CVE-2026-6607
Remote Resource Consumption in lm-sys Fastchat Worker API Endpoint
Publication date: 2026-04-20
Last updated on: 2026-04-20
Assigner: VulDB
Description
Description
CVSS Scores
EPSS Scores
| Probability: | |
| Percentile: |
Meta Information
Affected Vendors & Products
| Vendor | Product | Version / Range |
|---|---|---|
| lm-sys | fastchat | to 0.2.36 (inc) |
Helpful Resources
Exploitability
| CWE ID | Description |
|---|---|
| CWE-404 | The product does not release or incorrectly releases a resource before it is made available for re-use. |
| CWE-400 | The product does not properly control the allocation and maintenance of a limited resource. |
Attack-Flow Graph
AI Powered Q&A
How can this vulnerability be detected on my network or system? Can you suggest some commands?

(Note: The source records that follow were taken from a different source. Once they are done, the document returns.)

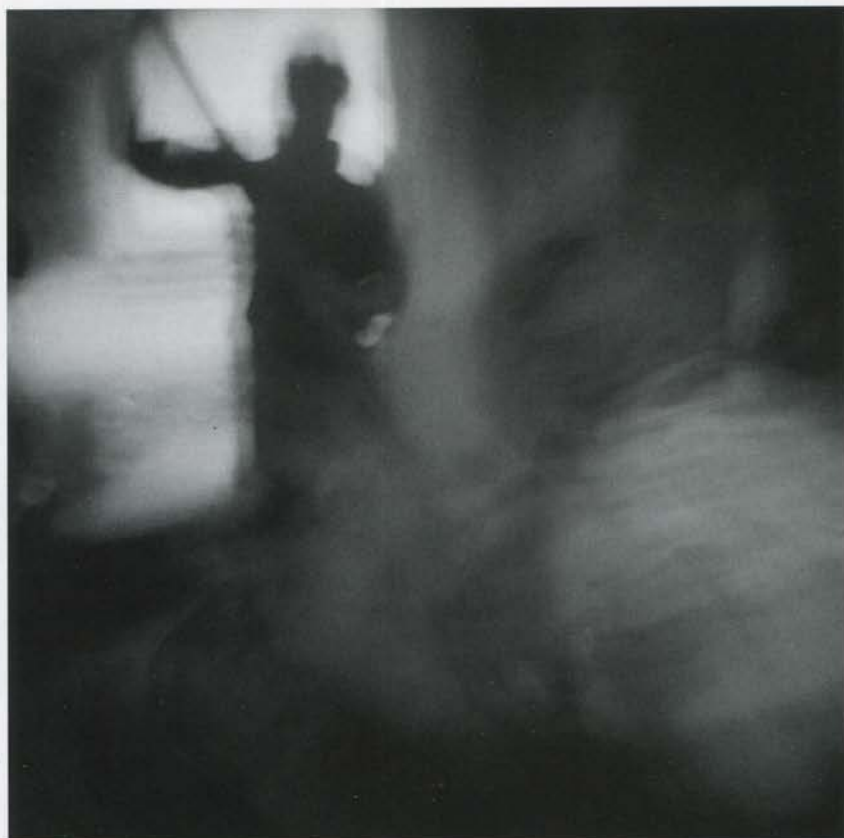
Man stirring, 2004-2006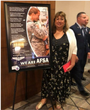
Scavenger Hunt items were hidden throughout the Grand Hyatt San Antonio with Prizes provided by the InfoExpo Partners.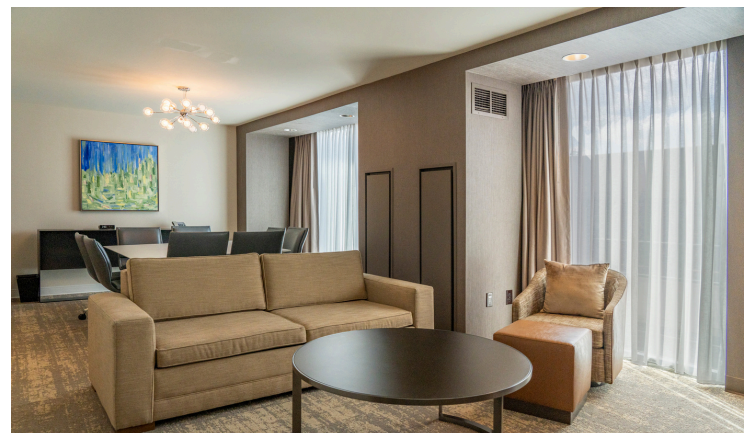
Parlor Suite 900 sq. ft.

Our King Junior Suite offers luxury accommodations with beautiful views. The suite offers 469 sq. ft. of space and includes a separate living area with a sofa bed and coffee bar.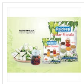
Pure Achar Masala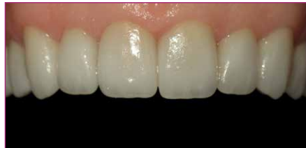
▲ Note the texturing and translucency achieved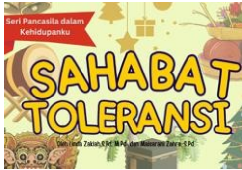
Figure 6. Fifth Edition Story Book of Pancasila Fifth Precepts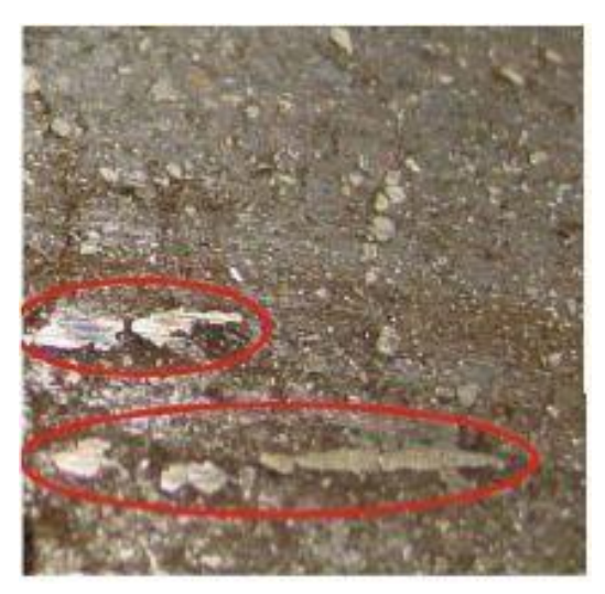
Figure 1. Metallic deposits.

This vulnerability causes the FastChat model worker's Python asyncio event loop to block during synchronous GPU inference calls, leading to denial of service. Detection can focus on monitoring for symptoms such as unresponsive model workers, delayed or failed health checks, and worker deregistration events.
Specifically, requests to the vulnerable endpoints `/worker_generate` and `/worker_get_embeddings` can cause the event loop to freeze for extended periods (30-120+ seconds), which can be observed by comparing response times or health check delays.
To detect this vulnerability on your system, you can monitor the FastChat worker logs for frequent worker deregistration or health check failures, and measure response times to these endpoints.
While no explicit detection commands are provided in the resources, a practical approach includes sending test requests to the endpoints `/worker_generate` and `/worker_get_embeddings` and measuring response delays or event loop blocking.
- Use curl or similar tools to send requests to the endpoints and observe response times, for example:
- curl -v http://<fastchat-worker-host>/worker_generate -d '{"params": ...}'
- curl -v http://<fastchat-worker-host>/worker_get_embeddings -d '{"params": ...}'
If the event loop is blocked, these requests will take significantly longer to respond or cause the worker to become unresponsive.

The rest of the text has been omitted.